Data in this exercise Start Marker
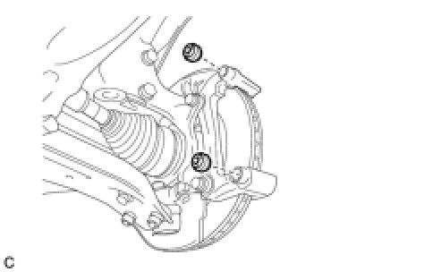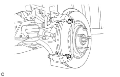 (a) Remove the 2 bolts and front disc brake cylinder mounting from the steering knuckle.
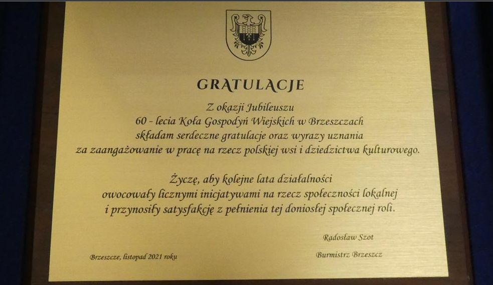 9 listopada z okazji 60-lecia istnienia Koła Gospodyń Wiejskich w Brzeszczach odbyła się uroczystość, będąca podsumowaniem dotychczasowej działalnośc. Była to także okazja do wspomnień i refleksji, a jednocześnie oceny dotychczasowych osiągnięć i wyznaczenia nowych celów oraz zadań. Na ręce przewodniczącej KGW pani Barbary Sajewicz życzenia i gratulacje złożył Burmistrz Radosław Szot.
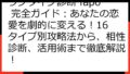 | 活用方法 | 自己分析、他者理解、キャリアプランニング | 恋愛における自己分析、パートナーとの関係性構築、出会いのヒント |
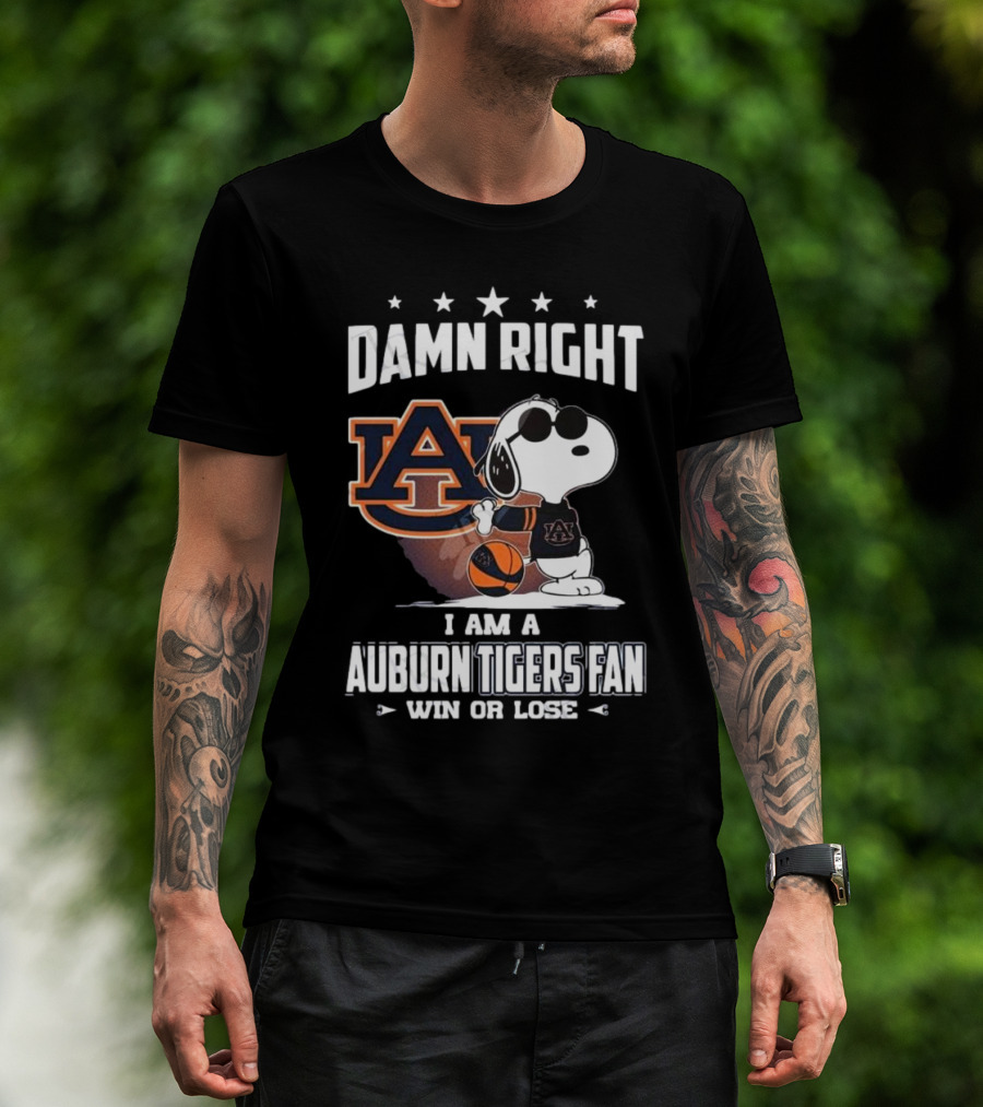 Damn Right I Am A Auburn Tigers Fan Win Or Lose Snoopy Auburn Logo T-Shirt
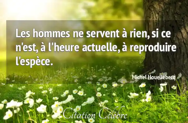 Les hommes ne servent à rien, si ce n'est, à l'heure actuelle, à reproduire l'espèce.
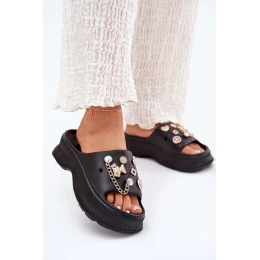Dámské pantofle z pěnového materiálu umístěné na platformě jsou stylovou volbou pro teplé dny. Zlaté, roztomilé ozdoby na pásku jim dodávají moderní charakter. Ideální na dovolenou, dny strávené u bazénu nebo na pláži.
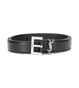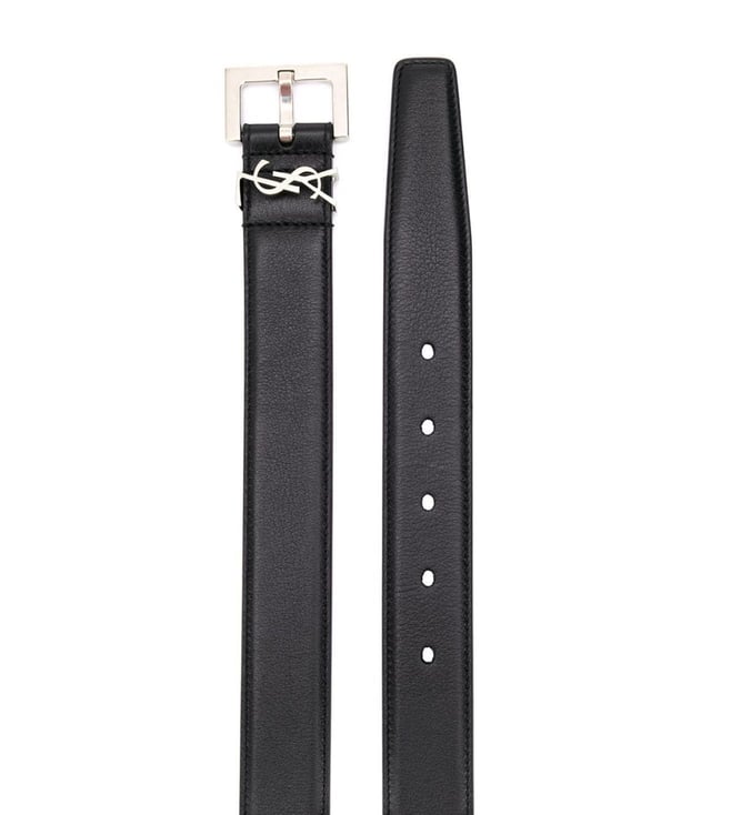 Saint Laurent Black Monogram leather belt: BLACK leather Monogram square-buckle belt from SAINT LAURENT featuring silver-tone hardware, buckle fastening, adjustable fit and signature YSL logo plaque. Products purchased from Darveys are supported exclusively by the warranty/exchange policies of Darveys and its partner boutiques. Brand owners and their channel partners are not responsible for exchange/warranty services for items purchased through Darveys.
Data in this exercise End Marker
### What is needed
Transcribe the records verbatim and omit the images.

### Result below
 (a) Remove the 2 bolts and front disc brake cylinder mounting from the steering knuckle.
 9 listopada z okazji 60-lecia istnienia Koła Gospodyń Wiejskich w Brzeszczach odbyła się uroczystość, będąca podsumowaniem dotychczasowej działalnośc. Była to także okazja do wspomnień i refleksji, a jednocześnie oceny dotychczasowych osiągnięć i wyznaczenia nowych celów oraz zadań. Na ręce przewodniczącej KGW pani Barbary Sajewicz życzenia i gratulacje złożył Burmistrz Radosław Szot.
 | 活用方法 | 自己分析、他者理解、キャリアプランニング | 恋愛における自己分析、パートナーとの関係性構築、出会いのヒント |
 Damn Right I Am A Auburn Tigers Fan Win Or Lose Snoopy Auburn Logo T-Shirt
 Les hommes ne servent à rien, si ce n'est, à l'heure actuelle, à reproduire l'espèce.
Dámské pantofle z pěnového materiálu umístěné na platformě jsou stylovou volbou pro teplé dny. Zlaté, roztomilé ozdoby na pásku jim dodávají moderní charakter. Ideální na dovolenou, dny strávené u bazénu nebo na pláži.
 Saint Laurent Black Monogram leather belt: BLACK leather Monogram square-buckle belt from SAINT LAURENT featuring silver-tone hardware, buckle fastening, adjustable fit and signature YSL logo plaque. Products purchased from Darveys are supported exclusively by the warranty/exchange policies of Darveys and its partner boutiques. Brand owners and their channel partners are not responsible for exchange/warranty services for items purchased through Darveys.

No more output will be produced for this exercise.